Circular trigonometry was extended to the hyperbola in Augustus De Morgan's 1849 textbook Trigonometry and Double Algebra (see references for link). In 1878 W.K. Clifford used hyperbolic angle to parametrize a unit hyperbola, describing it as "quasi-harmonic motion". In 1894 Alexander Macfarlane circulated his essay "The Imaginary of Algebra", which used hyperbolic angles to generate hyperbolic versors, in his book Papers on Space Analysis.

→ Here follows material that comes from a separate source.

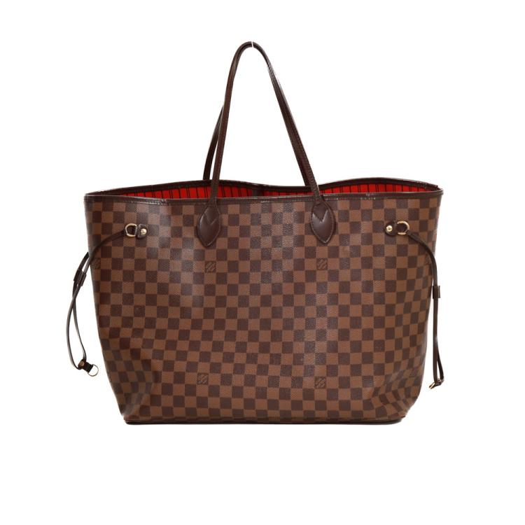 Louis Vuitton Neverfull GM tote in Damier Ebene coated canvas with natural brown cowhide trim. Featuring gold-toned hardware, side laces, and double flat leather handles. The open top with a hook closure reveals to a red striped textile lining with a zipper pocket. Approximate dimensions: 39cm(Base-L) x 32cm(H) x 19cm(D), handle drop 21cm. With Entrupy Certificate of Authenticity. (Pre-owned)

When Ludwik Silberstein penned his popular 1914 textbook on the new theory of relativity, he used the rapidity concept based on hyperbolic angle a where tanh a = v/c, the ratio of velocity v to the speed of light. He wrote:
- It seems worth mentioning that to unit rapidity corresponds a huge velocity, amounting to 3/4 of the velocity of light; more accurately we have v = (.7616) c for a = 1.
- ... the rapidity a = 1, ... consequently will represent the velocity .76 c which is a little above the velocity of light in water.
Silberstein also uses Lobachevsky's concept of angle of parallelism Π(a) to obtain cos Π(a) = v/c.